Alaska Air Group finished 4Q2013 and FY2013 on a strong note ahead of a competitive onslaught by Delta at Alaska’s Seattle’s hub reaching a crescendo during 2014. Alaska Airlines grew its profits despite facing a higher level of competitive capacity in many of its markets and having numerous routes within its network in the developmental phase.
At the start of 2014 the canny Alaska appears poised to move on from its diminishing relationship with Delta while possibly exploring new opportunities with American as that carrier becomes entrenched in merger integration.
Overall Alaska is maintaining a positive view for 2014 as demand for the moment seems stable and its financial health is strong. While it seems the competitive network pressure continues unabated in 2014, Alaska believes it is capable of demonstrating its staying power.

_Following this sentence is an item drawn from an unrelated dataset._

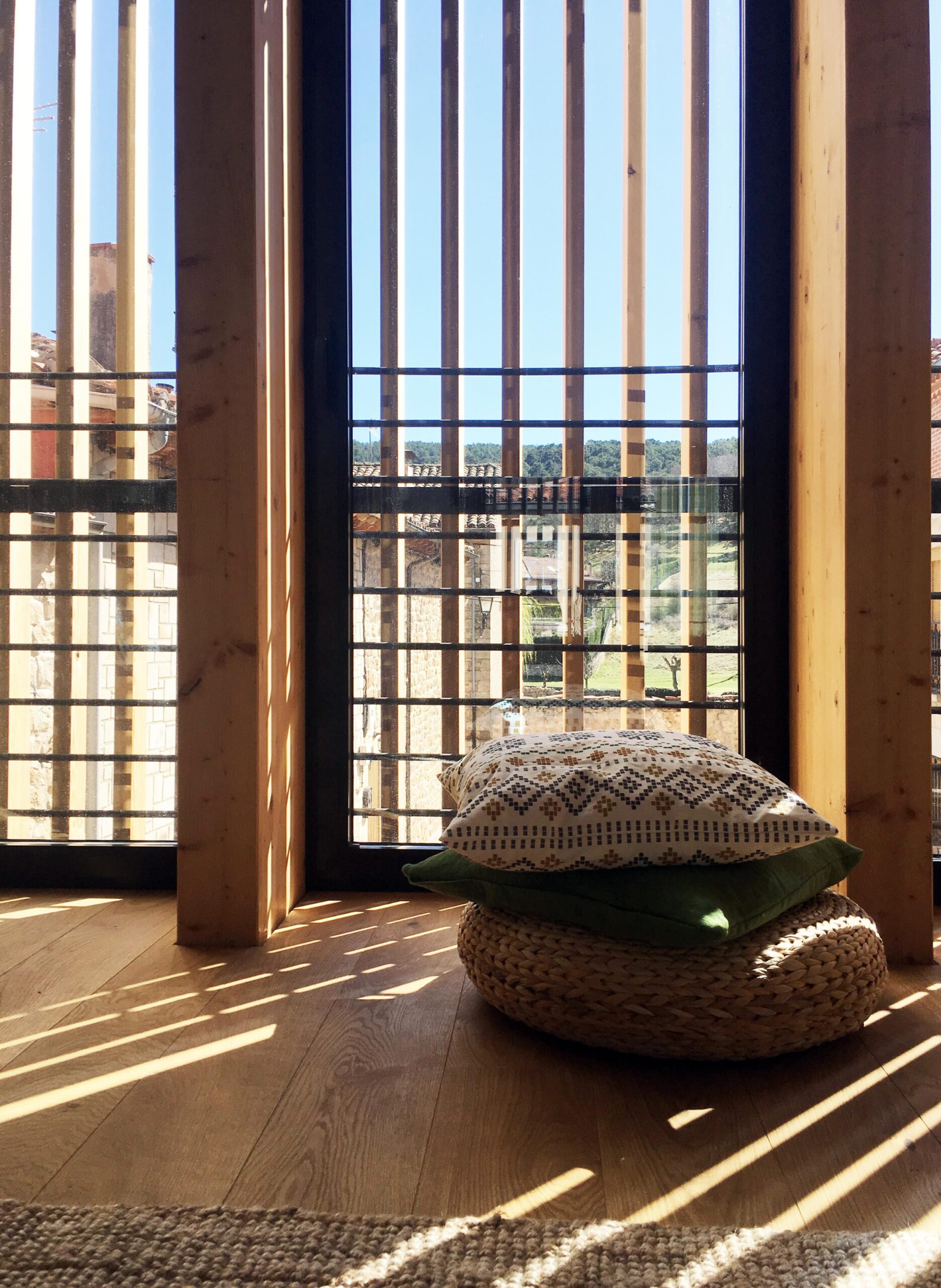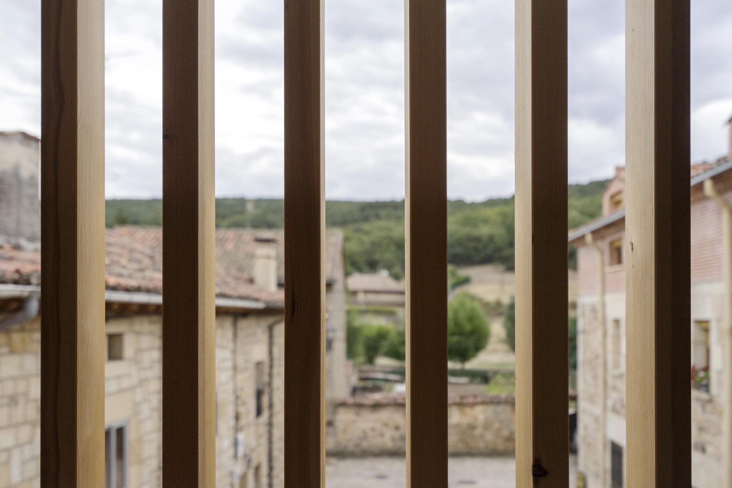 Para que el paisaje existente forme parte de la vivencia diaria de la casa, potenciamos intencionadamente la relación «dentro-fuera» de la vivienda mediante una celosía de madera que funciona como una segunda piel. Ésta es protagonista en las dos fachadas longitudinales de la vivienda y se abre o se cierra según las necesidades de cada estancia.

Alaska Airlines records strong net income and operating profits for 4Q and FY2013
Alaska Air Group grew its profits by 78% year-on-year during 4Q2013 to USD78 million. For FY2013 the company’s net income jumped 66% to USD508 million. Top-line revenues for 4Q2013 increased 7% to USD1.2 billion and 11% for FY2013 USD5 billion. The company’s overall operating expenses grew 2% in 4Q2013 to US1 billion and 5% for FY2013 to USD4.3 billion.

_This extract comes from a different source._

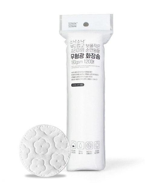 [소낙소낙] 부드럽고 보풀적은 프리미엄 순면원형 무형광 화장솜 180gsm 120매
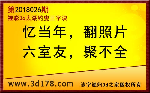3d第18026期太湖字谜:忆当年,翻照片,六室友,聚不全

Alaska Air Group's consolidated revenue performance: 4Q2013 vs 4Q2012 an FY2013 v FY2012
Alaska Air Group's consolidated top-line expenses: 4Q2013 vs 4Q2012 an FY2013 v FY2012
On a unit basis Alaska Air Group’s costs during 4Q2013 grew 1% year-on-year and remained flat for FY2013. But similar to other low-fare airlines including Southwest and JetBlue, Alaska is predicting a 1% rise in unit costs excluding fuel for FY2014 (which is lower than the 2% to 3% estimated increase for Southwest and a 3% to 5% rise for JetBlue).
See related reports:
JetBlue Airways builds its network strength as cost headwinds strengthen
Southwest Airlines: solid financial performance for FY2013, but challenges are piling up
Company CFO Brandon Pedersen recently outlined some of the elements driving the cost creep including an estimated 30%, or USD27 million, increase in technology spend year-on-year for FY2014, USD25 million to USD30 million in costs for a brand refresh and airport cost increases, particularly in Los Angeles and Seattle.
Mr Pedersen assured that despite the projected rise in Alaska’s unit costs for FY2014, the company remains focussed on lowering its cost over the long-term in order to maintain its cost advantage over large US network carriers and narrow the gap with other low cost producers.

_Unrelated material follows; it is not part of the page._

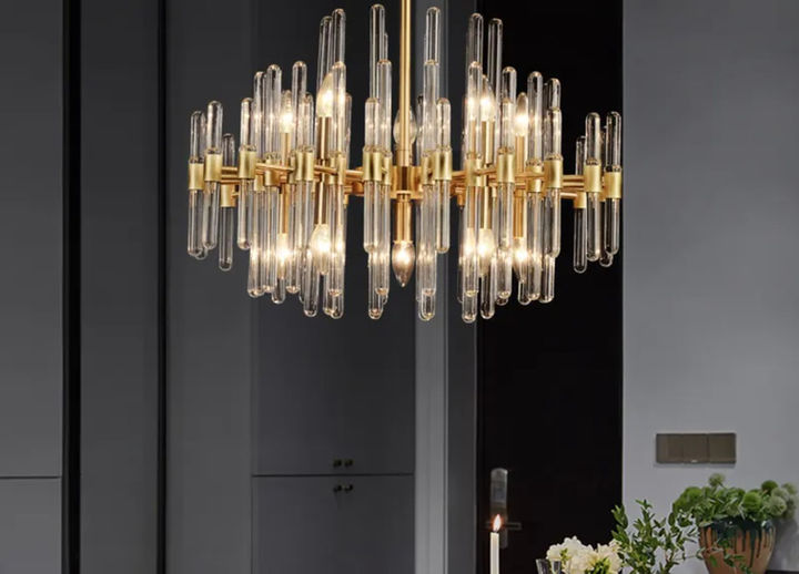Lámpara de 18 bombillas fabricada en hierro cromado y vidrio

The airline also has the advantage of possessing a relatively strong balance sheet. Alaska's USD1.3 billion in cash is roughly 25% of its USD5 billion in FY2013 revenues. Company CEO Brad Tilden also recently highlighted to investors that debt and operating leases are roughly about 35% of Alaska’s capital structure.
Alaska posts a decent unit revenue performance despite competitive capacity pressure
Alaska also recorded a decent performance in unit revenue and yield metrics for 4Q and FY2013, increasing yield by 1.4% during the quarter, which helped lift unit revenues 1.6%. For FY2013 yields notched down 0.8% which drove unit revenues down 0.5%.
Alaska Air Group's consolidated unit revenue and yield performance: 4Q2013 vs 4Q2012 and FY2013 vs FY2012
As has been the case for the last couple of years, Alaska’s 7% capacity growth during FY2013 was higher than the industry average. Mr Tilden ticked off a list of challenges Alaska faced in FY2013 that will persist in the future. He explained during 4Q2013 overall industry capacity increased 3% in the domestic markets; but “8% in the markets we serve when you exclude our own growth. This was a similar story throughout the year, and it put a lot of pressure on our unit revenues, especially on the long-haul Alaska and west coast markets”.
Both JetBlue and Delta each bolstered their service to Anchorage during the high season and by Sep-2014 Delta will compete with Alaska on six of 10 Alaska’s top markets from Alaska’s Seattle hub. Delta is building Seattle as its US western gateway to Asia, and is working to bolster connections on its own metal to those long-haul Pacific markets.
See related reports:
Delta Air Lines’ latest punch at Alaska in Seattle is to siphon traffic from Vancouver
Delta Air makes still more aggressive moves in Seattle as Alaska Airlines pledges to defend itself
Alaska Airlines' vice president of planning and revenue management Andrew Harrison remarked that the company started 20 new markets during 2012 “that came through in ’13 and are maturing very nicely. We started another 15 markets in 2013 that we’re also seeing maturing nicely. So yes, we may have some downward pressure on yields in some of these markets where there is heavy competitive capacity. That said, we have a good source of new markets and new revenues coming online in 2014.”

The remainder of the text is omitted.